What did Hell Creek look like 70 million years ago? Based on the relatively small dinosaurs that lived there (this part of North America wasn't exactly a hotbed of sauropods or tyrannosaurs), it seems likely that the area was thickly forested, which would have imposed natural size limits on its inhabitants. This conclusion is supported by the non-dinosaur fossils that have been found in Hell Creek, including the remains of tortoises, monitor lizards, and tree-dwelling mammals.

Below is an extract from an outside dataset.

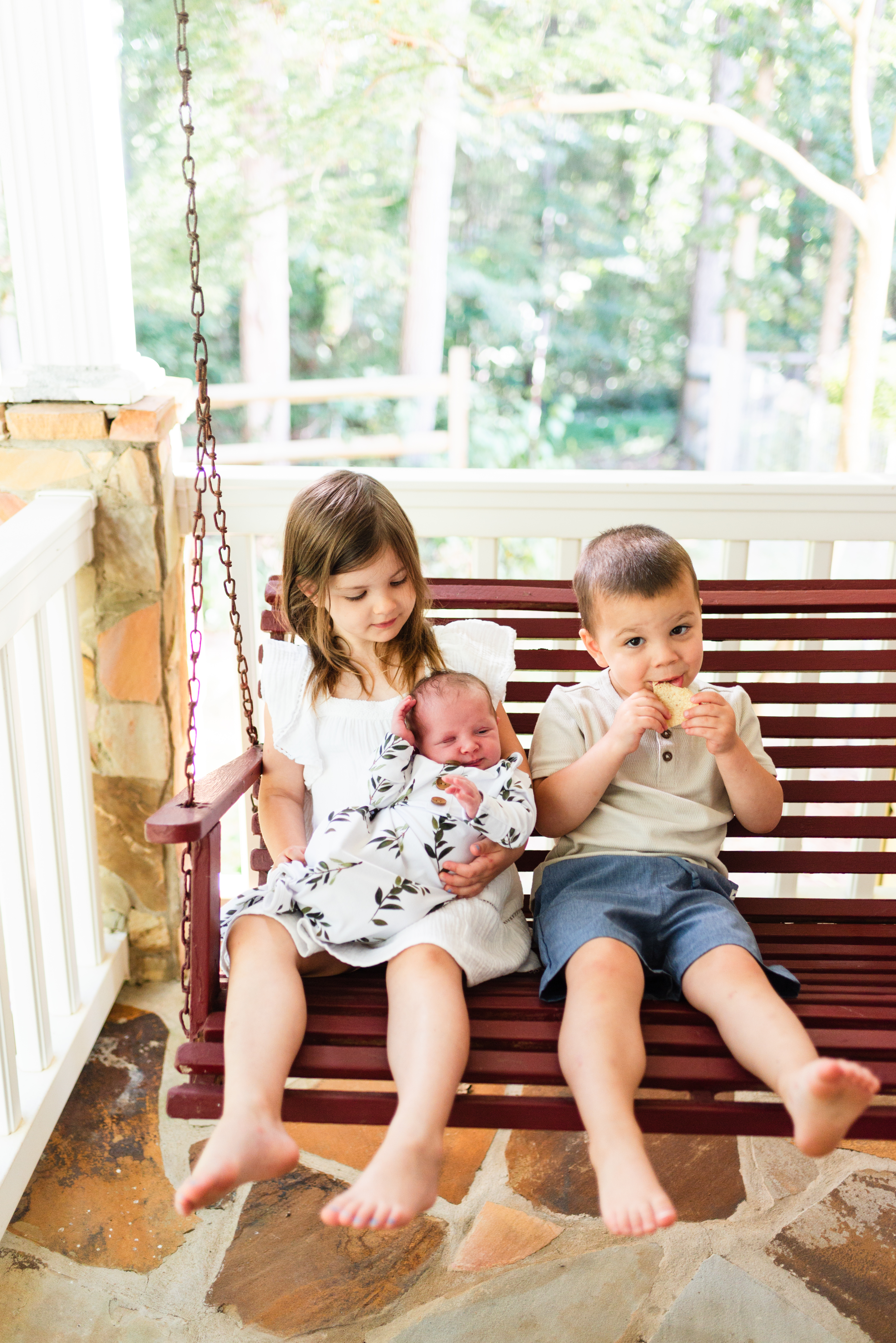 I drove a few winding roads, past a few horses and up a hill and there was the house in a wooded glen. I was welcomed in to toddler cheers, a dog that wanted to be seen & loved and a cat that wanted to be pasted to my side. The busyness of life didn’t stop because I had arrived, it just swirled around me as we sipped coffee in the kitchen and chatted about the flowers the owner before had planted to bloom in every season. We bribed the little ones with tortilla chips to be still for 2 minutes (so real) and everyone cuddled around the newest Ingle: little baby Ella. The Ingles made me feel like family on a Monday morning and I'll never forget it.

Hell Creek is famous for a reason besides its fossils: the iridium deposits in its uppermost layer of sediment offer firm support for the hypothesis that a meteor impact 65 million years ago caused the extinction of the dinosaurs. Some paleontologists have interpreted the rock evidence as showing that some hardy dinosaurs survived for a couple of million years after the impact, but this theory doesn't have wide support.